Tecnologia, processos e governança
Não existe uma ferramenta capaz de eliminar todos esses riscos isoladamente. Por isso, a segurança logística depende de diferentes camadas de proteção trabalhando juntas. A tecnologia tem papel fundamental, com sistemas de gestão, rastreamento, validação documental e monitoramento em tempo real ajudando a identificar comportamentos fora do padrão.

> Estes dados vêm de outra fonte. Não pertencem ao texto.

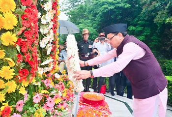 देहरादून: मुख्यमंत्री पुष्कर सिंह धामी ने कारगिल विजय दिवस (शौर्य दिवस) पर गांधी पार्क में आयोजित कार्यक्रम में शहीद स्मारक पर कारगिल शहीदों को श्रद्धांजलि अर्पित की। मुख्यमंत्री ने कारगिल शहीदों के परिवारजनों को भी सम्मानित किया। इस अवसर पर सैनिक कल्याण मंत्री गणेश जोशी, कैबिनेट मंत्री प्रेमचंद अग्रवाल, विधायक सविता कपूर, बृज भूषण गैरोला और निवर्तमान मेयर सुनील उनियाल गामा ने भी शहीद स्मारक पर कारगिल शहीदों को श्रद्धांजलि दी।

Porém, ferramentas eficientes não compensam processos frágeis. A homologação de transportadoras, a atualização cadastral de prestadores, a conferência de alterações críticas e a definição clara de responsabilidades são elementos essenciais para reduzir oportunidades de fraude. Nesse contexto, os contratos também possuem um papel estratégico, pois eles devem estabelecer critérios de segurança, responsabilidades, requisitos mínimos de operação e procedimentos em caso de incidentes. Um contrato bem estruturado fortalece a governança e reduz ambiguidades quando um problema acontece.
Por fim, as pessoas continuam sendo um dos principais elementos de proteção. Colaboradores preparados conseguem identificar comportamentos suspeitos, questionar solicitações incomuns e interromper problemas antes que eles causem prejuízos.
Segurança logística vai muito além da escolta
Os riscos atuais mostram que proteger uma operação logística não significa apenas impedir que uma carga seja roubada durante o transporte. Muitas vezes, o prejuízo começa muito antes, em um cadastro não validado, uma alteração bancária sem conferência, um documento manipulado ou uma parceria estabelecida sem critérios adequados.
Empresas que tratam segurança apenas como rastreamento e monitoramento de veículos protegem somente uma parte da cadeia. A verdadeira maturidade está em construir uma operação onde tecnologia, processos, contratos e pessoas trabalham juntos para prevenir problemas.